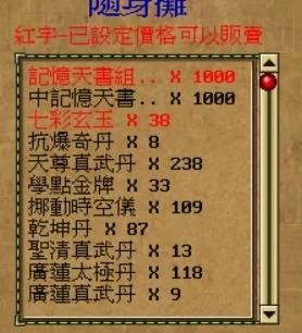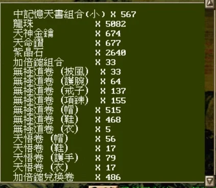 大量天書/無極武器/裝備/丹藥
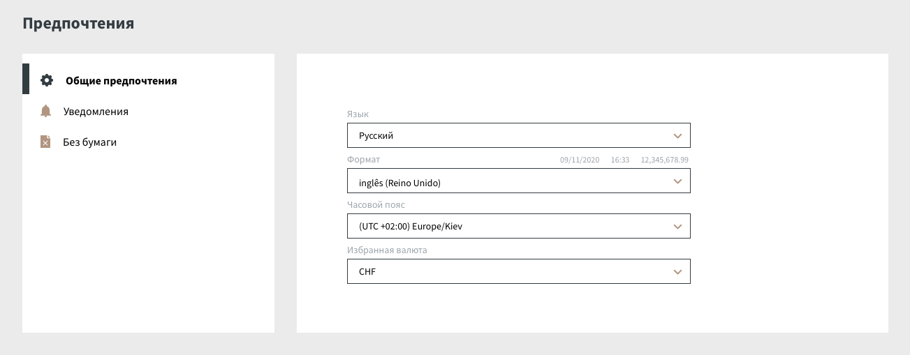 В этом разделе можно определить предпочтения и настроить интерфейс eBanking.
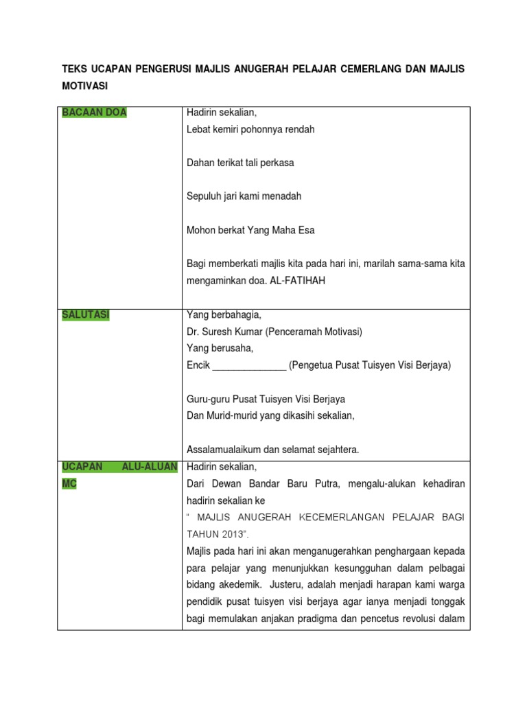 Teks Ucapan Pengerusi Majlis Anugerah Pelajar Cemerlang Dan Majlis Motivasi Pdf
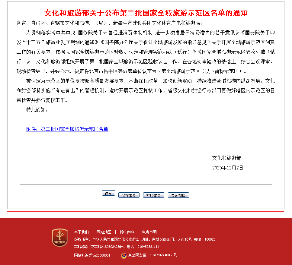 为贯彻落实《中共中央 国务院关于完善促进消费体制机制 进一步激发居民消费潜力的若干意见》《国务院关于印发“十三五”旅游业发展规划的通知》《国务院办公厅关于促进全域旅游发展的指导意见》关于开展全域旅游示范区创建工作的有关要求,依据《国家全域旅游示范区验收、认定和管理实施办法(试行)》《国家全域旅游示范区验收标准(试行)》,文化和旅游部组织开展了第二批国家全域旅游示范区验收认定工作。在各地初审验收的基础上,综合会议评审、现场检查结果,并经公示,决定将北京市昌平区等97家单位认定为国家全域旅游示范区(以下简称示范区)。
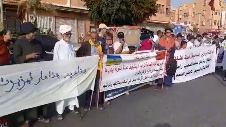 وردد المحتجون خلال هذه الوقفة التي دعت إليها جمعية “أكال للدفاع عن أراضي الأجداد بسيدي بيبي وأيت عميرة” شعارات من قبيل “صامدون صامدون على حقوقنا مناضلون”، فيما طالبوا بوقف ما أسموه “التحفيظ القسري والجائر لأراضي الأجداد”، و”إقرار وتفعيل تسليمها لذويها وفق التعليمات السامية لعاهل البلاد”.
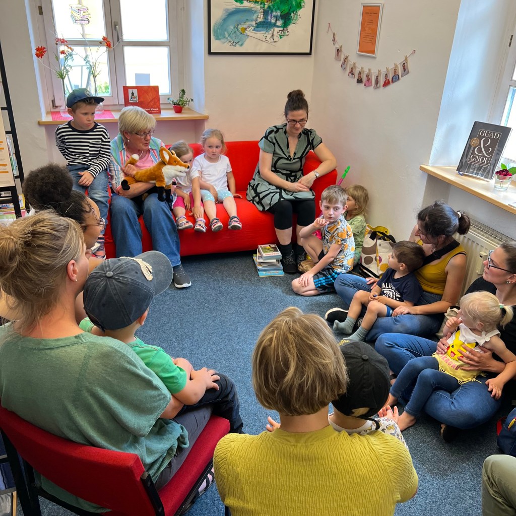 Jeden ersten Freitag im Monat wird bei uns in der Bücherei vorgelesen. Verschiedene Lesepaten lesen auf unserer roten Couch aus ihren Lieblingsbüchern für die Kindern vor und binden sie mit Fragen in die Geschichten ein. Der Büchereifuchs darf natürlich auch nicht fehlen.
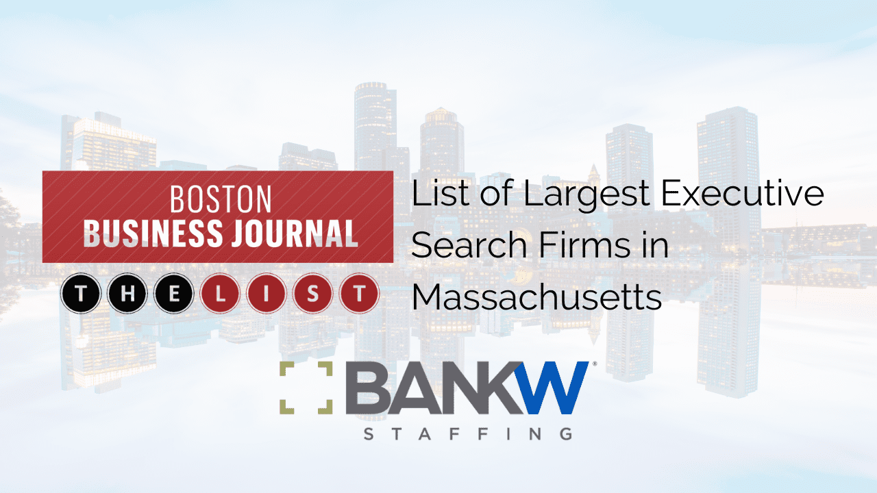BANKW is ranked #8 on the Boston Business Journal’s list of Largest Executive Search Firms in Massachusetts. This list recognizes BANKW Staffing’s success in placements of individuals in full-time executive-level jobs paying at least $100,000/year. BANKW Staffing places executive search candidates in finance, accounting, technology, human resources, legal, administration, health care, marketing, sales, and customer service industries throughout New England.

========================================

- [Work request]:
Transcribe all of the data above verbatim but omit every picture.

- [Output]:
 大量天書/無極武器/裝備/丹藥
 В этом разделе можно определить предпочтения и настроить интерфейс eBanking.
 Teks Ucapan Pengerusi Majlis Anugerah Pelajar Cemerlang Dan Majlis Motivasi Pdf
 为贯彻落实《中共中央 国务院关于完善促进消费体制机制 进一步激发居民消费潜力的若干意见》《国务院关于印发“十三五”旅游业发展规划的通知》《国务院办公厅关于促进全域旅游发展的指导意见》关于开展全域旅游示范区创建工作的有关要求,依据《国家全域旅游示范区验收、认定和管理实施办法(试行)》《国家全域旅游示范区验收标准(试行)》,文化和旅游部组织开展了第二批国家全域旅游示范区验收认定工作。在各地初审验收的基础上,综合会议评审、现场检查结果,并经公示,决定将北京市昌平区等97家单位认定为国家全域旅游示范区(以下简称示范区)。
 وردد المحتجون خلال هذه الوقفة التي دعت إليها جمعية “أكال للدفاع عن أراضي الأجداد بسيدي بيبي وأيت عميرة” شعارات من قبيل “صامدون صامدون على حقوقنا مناضلون”، فيما طالبوا بوقف ما أسموه “التحفيظ القسري والجائر لأراضي الأجداد”، و”إقرار وتفعيل تسليمها لذويها وفق التعليمات السامية لعاهل البلاد”.
 Jeden ersten Freitag im Monat wird bei uns in der Bücherei vorgelesen. Verschiedene Lesepaten lesen auf unserer roten Couch aus ihren Lieblingsbüchern für die Kindern vor und binden sie mit Fragen in die Geschichten ein. Der Büchereifuchs darf natürlich auch nicht fehlen.
BANKW is ranked #8 on the Boston Business Journal’s list of Largest Executive Search Firms in Massachusetts. This list recognizes BANKW Staffing’s success in placements of individuals in full-time executive-level jobs paying at least $100,000/year. BANKW Staffing places executive search candidates in finance, accounting, technology, human resources, legal, administration, health care, marketing, sales, and customer service industries throughout New England.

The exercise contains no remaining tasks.